**WHAT IS REQUIRED:**
Please give the entries below again exactly, omitting every picture.

START ENTRIES SUPPLIED

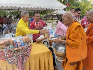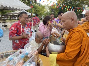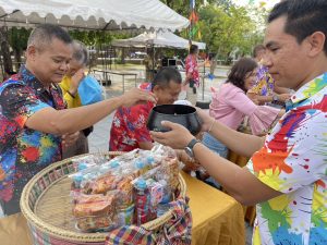 วันที่ 13 เมษายน พ.ศ. 2568 เวลา 07.00 น. พ.ต.อ.สิทธิศักดิ์ พรหมหมื่นไวย ผกก.สภ.พิมาย พร้อมด้วย พ.ต.ท.สุวกฤษฏิ์ พิมพ์จันทร์ สว.สส.สภ.พิมาย และ พ.ต.ต.พิสาร ทองสมุทร สวป.(ชส.)สภ.พิมาย ร่วมพิธีทำบุญตักบาตรข้าวสารอาหารแห้ง เนื่องในวันสงกรานต์ พ.ศ. 2568 ณ ลานพรหมทัต ต.ในเมือง อ.พิมาย จ.นครราชสีมา
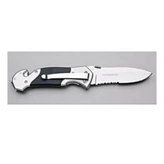 The Smith & Wesson 1st Response Drop Point Folding Knife features a partially serrated drop point Blade made from high carbon stainless-steel. An ambidextrous thumb mechanism and stainless-steel handle with black G-10 inlay enable rapid deployment. This 1st Response Liner Lock Folding Knife has an integrated belt cutter, glass breaking tool, a strap cutter, and pocket clip, making it ideal for emergency situations.
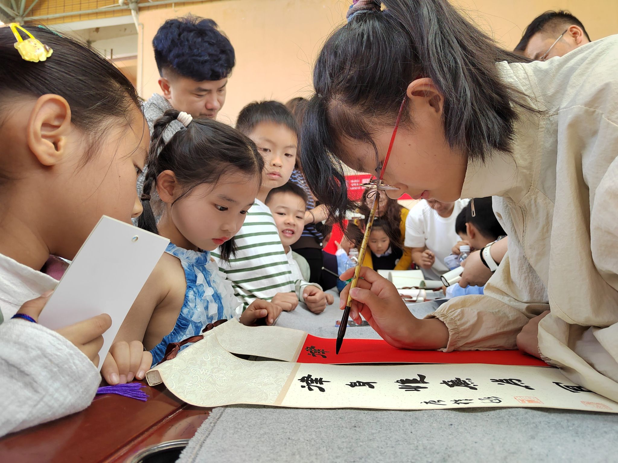 贵州省镇宁自治县纪委监委丰富形式和载体,进一步深化家庭助廉活动内涵,筑牢家庭拒腐防变廉洁防线。图为该县纪委监委联合县妇联开展“清风润家”活动,书法老师正为参加活动的家庭书写廉洁家风家训。(贵州省镇宁自治县纪委监委供 蔡齐秀 摄)
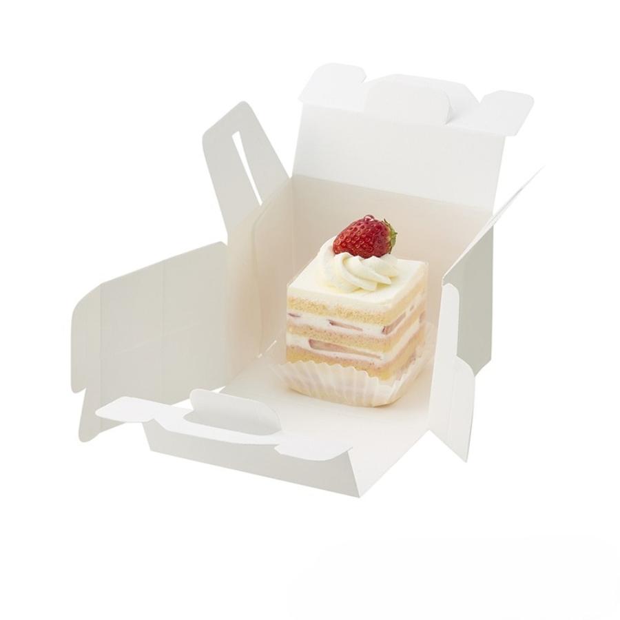 | アイテム情報 | ケーキの出し入れが簡単なサイドオープンタイプのキャリーケース箱です。保冷剤が挟めるスリット付き。軽量化された段ボール素材を使用しております。森林認証紙です。カットケーキ1個が目安です。 |
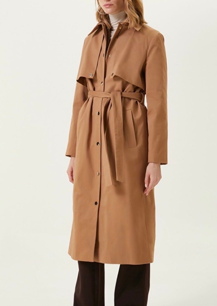 Bej renkli uzun kemerli trençkot, yumuşak sentetik kumaştan üretilmiştir. Notch yaka ve askılı kollara sahip, ofis için uygundur.
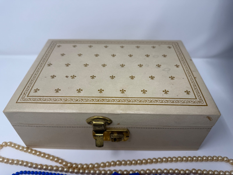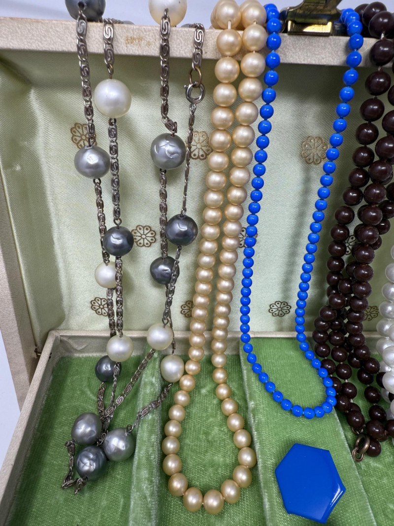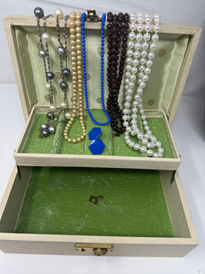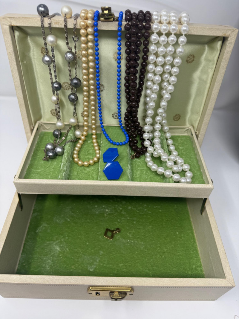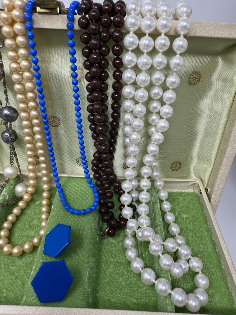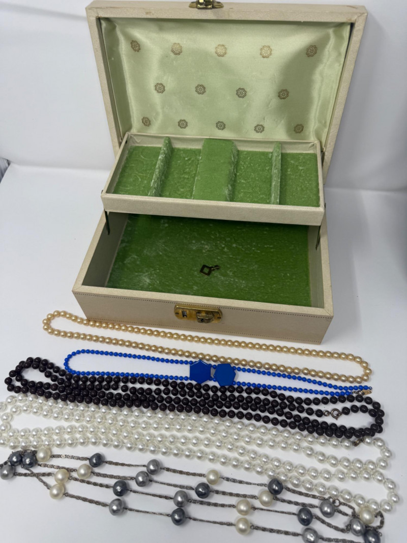 5) Long Beaded Necklaces - Blue Beads & Earring Set in Vintage Locking Box with green velvet interior and key.
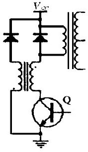 4) 無源回饋開通緩沖電路(圖5) :此電路通過變壓器將磁場貯能回饋到電源。變壓器為雙線繞制,其原邊具有一定電感;幅邊的極性與原邊相反,并且接有反向二極管。管子開通時(shí),原邊承受全部電源電壓,副邊無通電回路。管子關(guān)斷時(shí),副邊感應(yīng)電壓極性換向,當(dāng)其電壓高于電源電壓Vcc 時(shí), 向電源饋送能量。
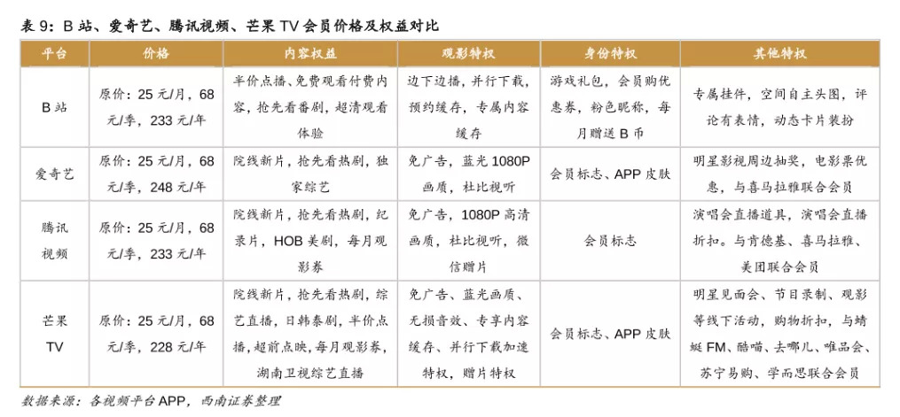 对比下图可以看到,四家视频网站的会员定价标准基本一致。不同之处是,B站的自制节目以及获得长视频版权的实力明显不如其他三家。

END ENTRIES SUPPLIED

**ANSWER AREA:**
 วันที่ 13 เมษายน พ.ศ. 2568 เวลา 07.00 น. พ.ต.อ.สิทธิศักดิ์ พรหมหมื่นไวย ผกก.สภ.พิมาย พร้อมด้วย พ.ต.ท.สุวกฤษฏิ์ พิมพ์จันทร์ สว.สส.สภ.พิมาย และ พ.ต.ต.พิสาร ทองสมุทร สวป.(ชส.)สภ.พิมาย ร่วมพิธีทำบุญตักบาตรข้าวสารอาหารแห้ง เนื่องในวันสงกรานต์ พ.ศ. 2568 ณ ลานพรหมทัต ต.ในเมือง อ.พิมาย จ.นครราชสีมา
 The Smith & Wesson 1st Response Drop Point Folding Knife features a partially serrated drop point Blade made from high carbon stainless-steel. An ambidextrous thumb mechanism and stainless-steel handle with black G-10 inlay enable rapid deployment. This 1st Response Liner Lock Folding Knife has an integrated belt cutter, glass breaking tool, a strap cutter, and pocket clip, making it ideal for emergency situations.
 贵州省镇宁自治县纪委监委丰富形式和载体,进一步深化家庭助廉活动内涵,筑牢家庭拒腐防变廉洁防线。图为该县纪委监委联合县妇联开展“清风润家”活动,书法老师正为参加活动的家庭书写廉洁家风家训。(贵州省镇宁自治县纪委监委供 蔡齐秀 摄)
 | アイテム情報 | ケーキの出し入れが簡単なサイドオープンタイプのキャリーケース箱です。保冷剤が挟めるスリット付き。軽量化された段ボール素材を使用しております。森林認証紙です。カットケーキ1個が目安です。 |
 Bej renkli uzun kemerli trençkot, yumuşak sentetik kumaştan üretilmiştir. Notch yaka ve askılı kollara sahip, ofis için uygundur.
 5) Long Beaded Necklaces - Blue Beads & Earring Set in Vintage Locking Box with green velvet interior and key.
 4) 無源回饋開通緩沖電路(圖5) :此電路通過變壓器將磁場貯能回饋到電源。變壓器為雙線繞制,其原邊具有一定電感;幅邊的極性與原邊相反,并且接有反向二極管。管子開通時(shí),原邊承受全部電源電壓,副邊無通電回路。管子關(guān)斷時(shí),副邊感應(yīng)電壓極性換向,當(dāng)其電壓高于電源電壓Vcc 時(shí), 向電源饋送能量。
 对比下图可以看到,四家视频网站的会员定价标准基本一致。不同之处是,B站的自制节目以及获得长视频版权的实力明显不如其他三家。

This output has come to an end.